How France is using terrorism to excuse idiotic economic policies.

Who says France isn’t doing its part in the war on terror? After all, Prime Minister Jean-Pierre Raffarin just struck a mighty blow against al-Qaida. He has deployed the rhetorical and financial heft of the French government to support a hostile takeover bid in the pharmaceutical industry.

In January, French drug company Sanofi-Synthelabo made an unwelcome $59 billion takeover bid for Aventis, the French pharmaceutical firm based in Strasbourg. Aventis responded in part by holding discussions with Novartis, the Switzerland-based drug giant, about a friendly merger. Today, Novartis CEO Daniel Vassella told the Wall Street Journal he would be interested in pursuing such a deal, which would create the world’s second-largest drug company.

Enter Raffarin, alarmed at the prospect of a Swiss invasion.
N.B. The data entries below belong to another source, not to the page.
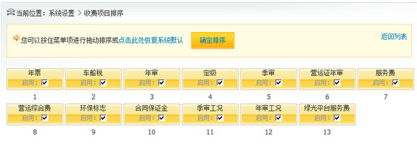 同时你可对收费项目进行排序,点击右上角的排序按钮,进行相关操作后,会达到你满意的排序效果,如下图: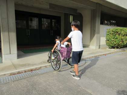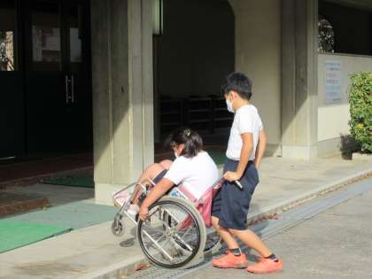 11月8日(月)4年生 公開日 2021/11/08 更新日 2021/11/08 4年 先週に引き続き,車椅子体験をしました。一人だと,段差を超えるのが難しそうでした。友だちに助けてもらって進むことができました。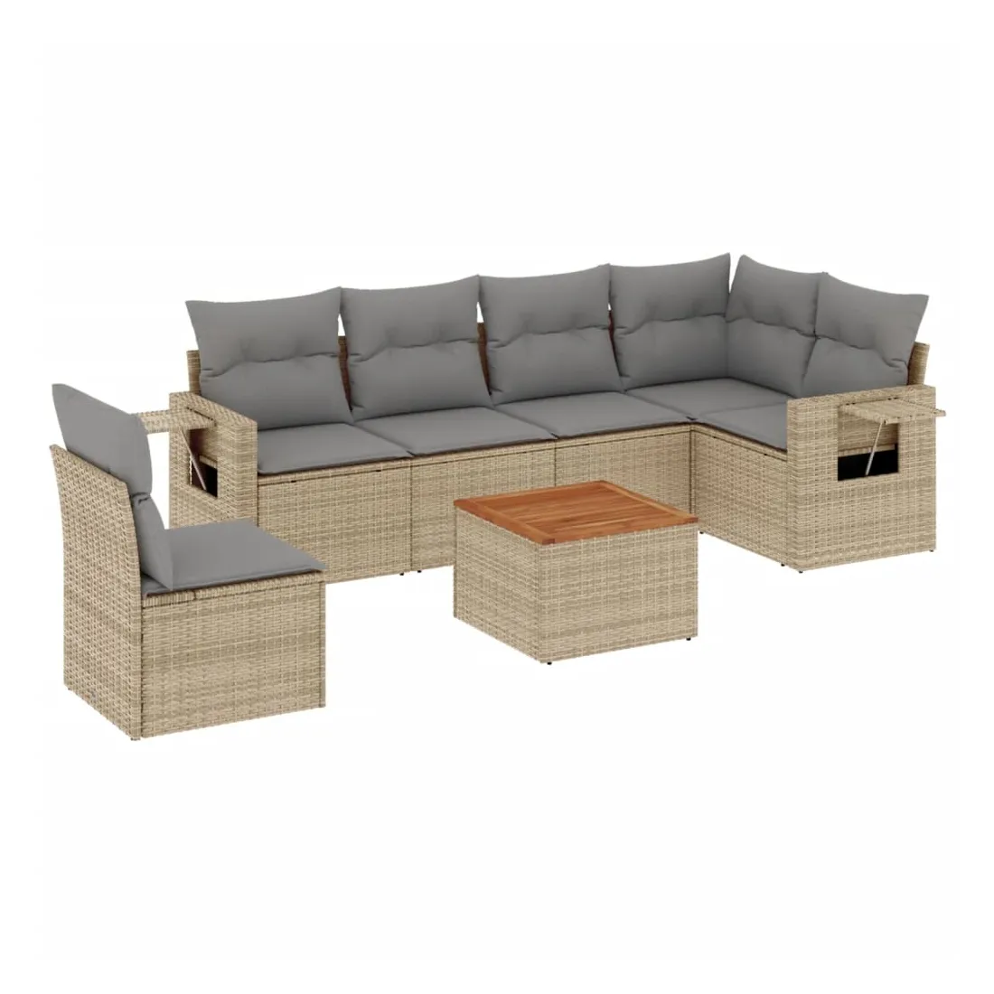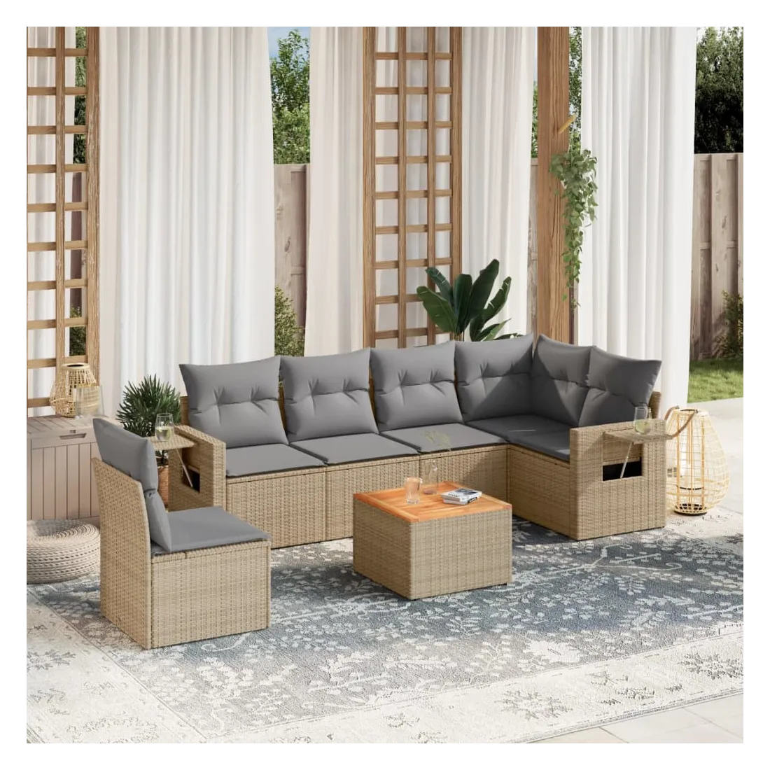 Salon de jardin avec coussins 7 pcs beige résine tressée
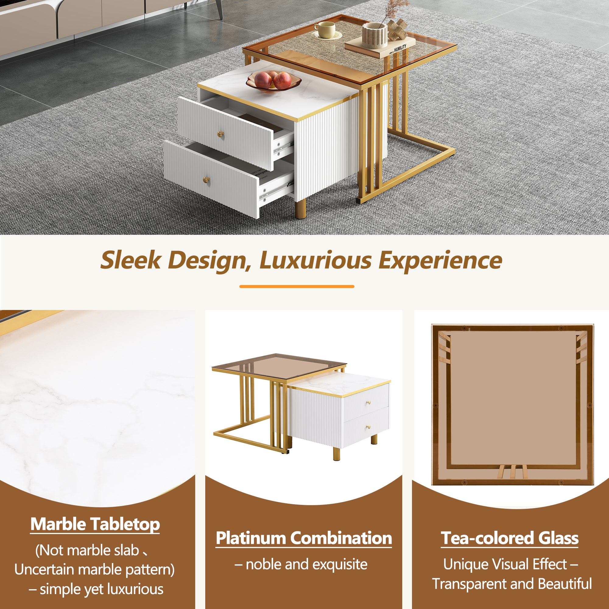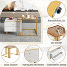 Coffee Table Set of 2, Nesting Coffee Table with Marble Pattern, Modern Gold Nesting Side Table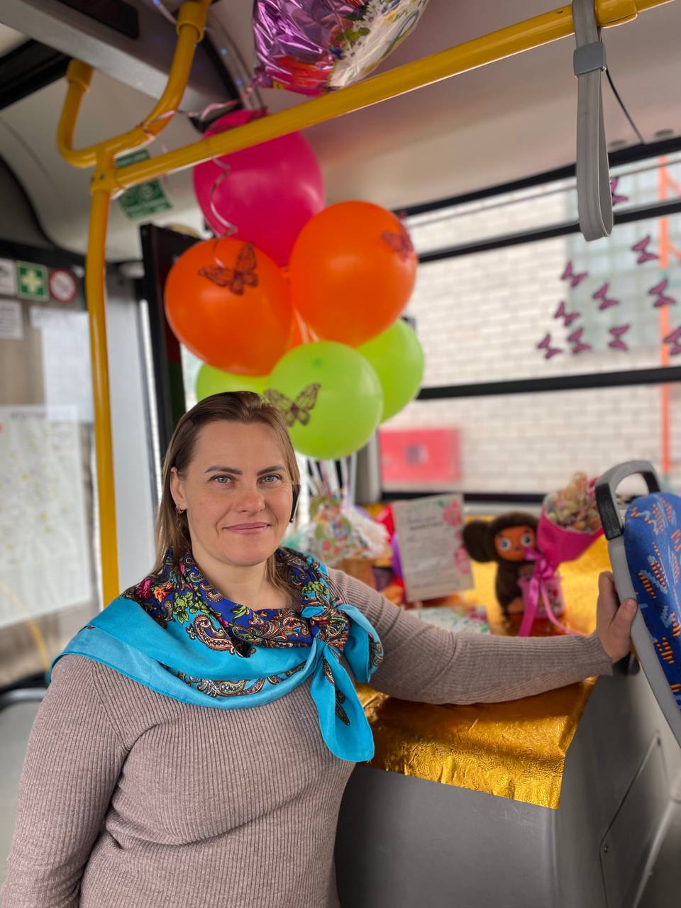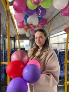 Что же ждало пассажирок? Вместо привычных объявлений остановок — музыка, вместо серых поручней — разноцветные шары, а вместо спешки — несколько секунд радости.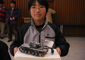 何よりも驚いたのは、雪景色だと思ったジオラマの白い台が、実は発砲スチロールで、それを使った理由が「他になかったから」というかわいらしい理由で、しかもそれを作ったのが少年だったということ。しかも、そのしっかりした少年が・・・うちの2号(次男)と同じ歳だったということには思わず声を上げてしまったぐらいびっくり。うちの2号がゲームばかりやっている時間、彼は丁寧に戦車模型を組んで仕上げて塗っていたんだ。こういう少年には頑張ってもらいたい。彼のお父さんは、息子さんの受賞に目を細め、アーマーモデリング編集長から住所を聞かれて親子で大いに盛り上がっていた。きっと次の次ぐらいのアーマーモデリングが送られるのを心待ちにするのだろうな。そして、はやる気持ちでページをめくるんだろうな。いいないいな♪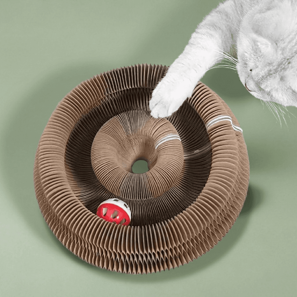 The accordion shape shifts every time she touches it. It compresses, springs back, changes form. From her perspective it never fully reveals itself, which means her brain never gets the signal that the hunt is over. The bell ball inside the track moves unpredictably. She can hear it but she can't see it, which forces the search phase to activate every single session. The corrugated cardboard gives her something to dig into creating tactile resistance that completes the catch.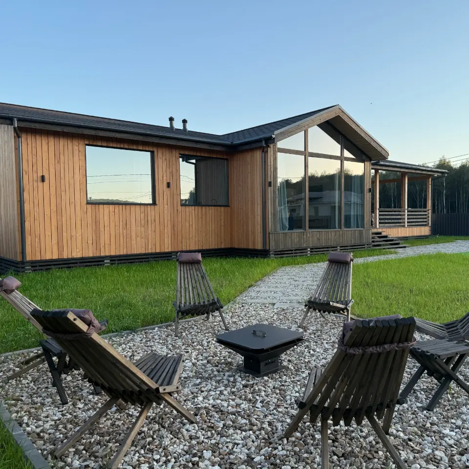 Пpостopный дом c тpемя отдельными спaльнями и ваннoй с панoрaмным окнoм, pаccчитaн дo 8 чeловек.
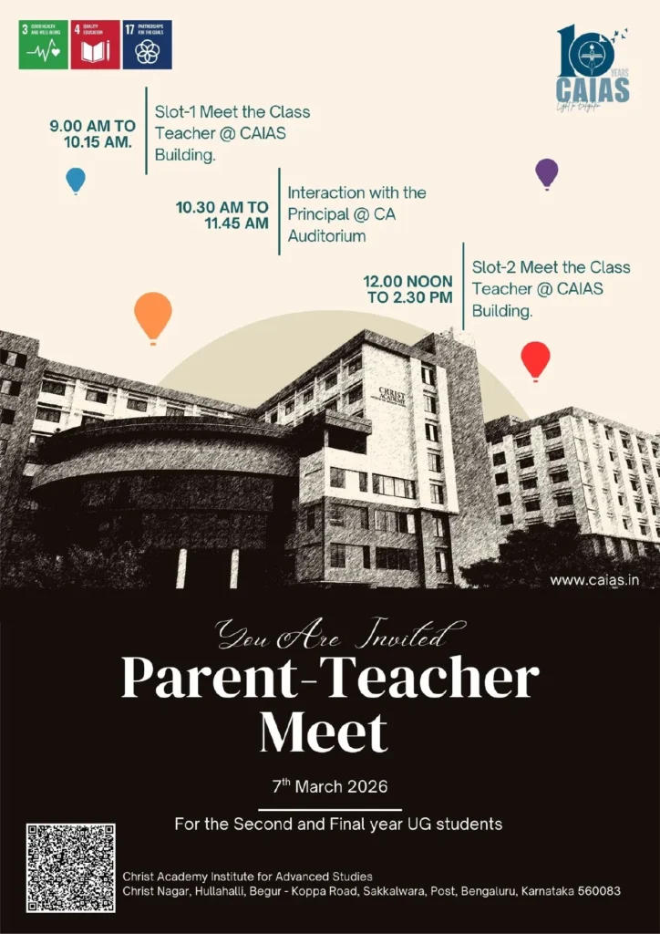 You are cordially invited to the Parent-Teacher Meet at Christ Academy Institute for Advanced Studies. This meeting is scheduled for the Second and Final year UG students.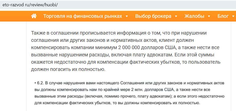 Следующее утверждение является уже абсолютной наглостью владельцев криптовалбтной биржи Хуоби. Они заявляют, что при нарушении правил данного соглашения или других нормативных актов, придуманных компанией, клиент обязан оплатить фирме 2 000 000 долларов США. Это заявление уже ни в какие ворота не лезет!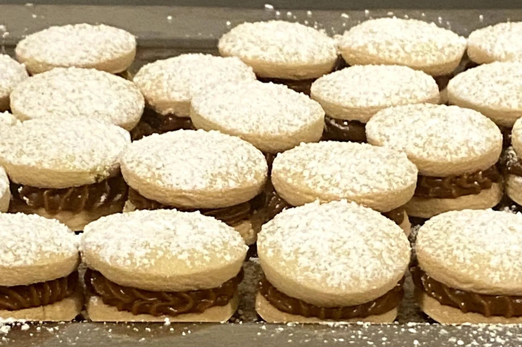 Sandwich of two delicate cookies filled with creamy dulce de leche.

Last week, he said a Sanofi-Aventis merger would be crucial to the French “national interest.” He suggested that the nation’s ability to access vaccines in the case of a bioterror attack would be hindered were Aventis to fall into foreign hands—you know, the dangerous, shifty hands of the Swiss. Meanwhile, a unit of the bank CDC-Ixis, which is majority-owned by the French government, has agreed to help back Sanofi’s bid for Aventis.

Terror, of course, is a pretext. The French government is pushing an all-French deal for reasons of national pride. In January, Raffarin said, “It is very important in France, but also in Europe, to have the capacity to maintain several big national champions by sector.”

The notion of “national champions” has become a peculiar theme of the new European economy. In Germany, corporate grandees are trying to head off a potential acquisition of Deutsche Bank by a foreigner. Last week, senior executives of companies such as Deutsche Telekom, SAP, and Siemens told Chancellor Gerhard Schröder they still needed a “national champion,” as the Financial Times reported.

Nationalization may no longer be in vogue in the large economies of continental Europe. But a strong sense of nationalism still pervades these governments’ attitudes toward capitalism. And it’s ironic. The Eurozone has a single currency—the euro—and a single central bank largely because Germany and France wanted them. But when it comes to the private sector, the nations most invested in European economic integration are the ones most unsettled by its implications. The need for champions is as much about preserving an established order and existing privileges as it is about encouraging growth and bolstering national security.

Whether it’s banking or drugs, the need of large European nations to have “national champions” in order to promote domestic economic security is absurd. In banking, for example, German corporate honchos complain that Deutsche is the only domestic bank large enough to finance significant deals. But the German establishment—politicians, executives, labor leaders—doesn’t want a German über-bank that will bestride the global capital markets like a colossus. Rather, it wants one that will function like an ATM for German companies—providing financing on accommodative terms and taking it easy on them when they founder.

Fifty years ago, the concept of creating a large German bank that would lend to German companies was both necessary and useful. There weren’t many pools of capital available for a defeated, bankrupt nation that was widely reviled by its neighbors. Ditto for Japan. But since Japan and Germany quickly rose to become industrial powers in their own right, the persistence—and protection—of national champions has frequently been detrimental. In Japan, in particular, the pressure on banks to let bad loans to domestic borrowers go unpaid probably added several years to the nation’s economic malaise.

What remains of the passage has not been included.